**Aim of the task**
Below are records with pictures in them. Transcribe everything from the line containing "Гарні листівки з" down to the line containing "Este Pegatina navideño", exactly, and leave the pictures behind.

**Provided information**
━━━━━━━━━━━━━━━━━━━━━━━━━━━━━━

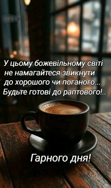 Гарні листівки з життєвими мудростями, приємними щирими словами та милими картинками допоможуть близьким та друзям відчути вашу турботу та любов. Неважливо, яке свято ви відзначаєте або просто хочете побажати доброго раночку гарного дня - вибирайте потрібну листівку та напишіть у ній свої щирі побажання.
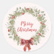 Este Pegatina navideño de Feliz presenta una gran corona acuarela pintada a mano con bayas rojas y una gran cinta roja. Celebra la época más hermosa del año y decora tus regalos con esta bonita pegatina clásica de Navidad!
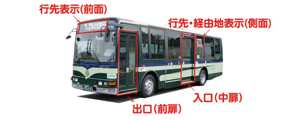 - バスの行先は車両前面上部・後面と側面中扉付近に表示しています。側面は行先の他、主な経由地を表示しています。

━━━━━━━━━━━━━━━━━━━━━━━━━━━━━━

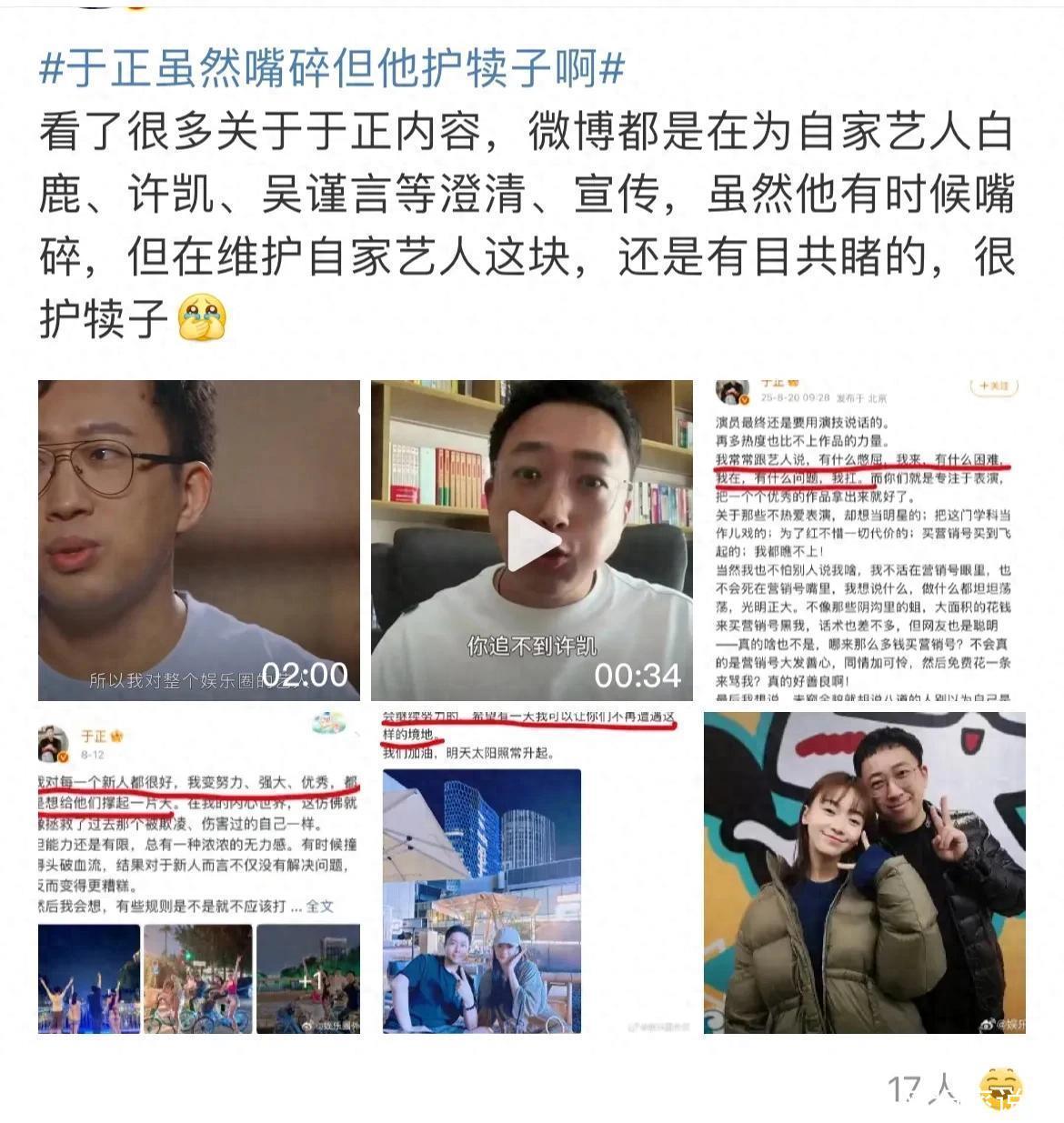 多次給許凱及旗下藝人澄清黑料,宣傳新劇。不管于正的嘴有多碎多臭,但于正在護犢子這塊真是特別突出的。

━━━━━━━━━━━━━━━━━━━━━━━━━━━━━━

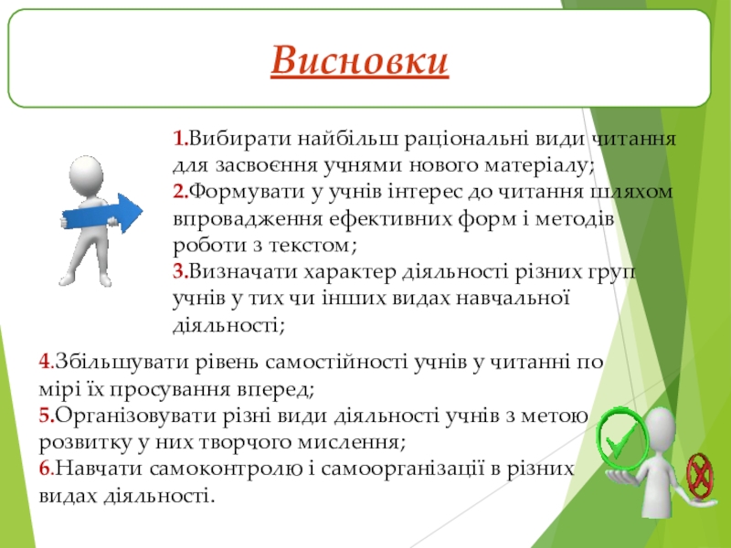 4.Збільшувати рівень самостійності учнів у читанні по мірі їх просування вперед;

━━━━━━━━━━━━━━━━━━━━━━━━━━━━━━

**Task output**
 Гарні листівки з життєвими мудростями, приємними щирими словами та милими картинками допоможуть близьким та друзям відчути вашу турботу та любов. Неважливо, яке свято ви відзначаєте або просто хочете побажати доброго раночку гарного дня - вибирайте потрібну листівку та напишіть у ній свої щирі побажання.
 Este Pegatina navideño de Feliz presenta una gran corona acuarela pintada a mano con bayas rojas y una gran cinta roja. Celebra la época más hermosa del año y decora tus regalos con esta bonita pegatina clásica de Navidad!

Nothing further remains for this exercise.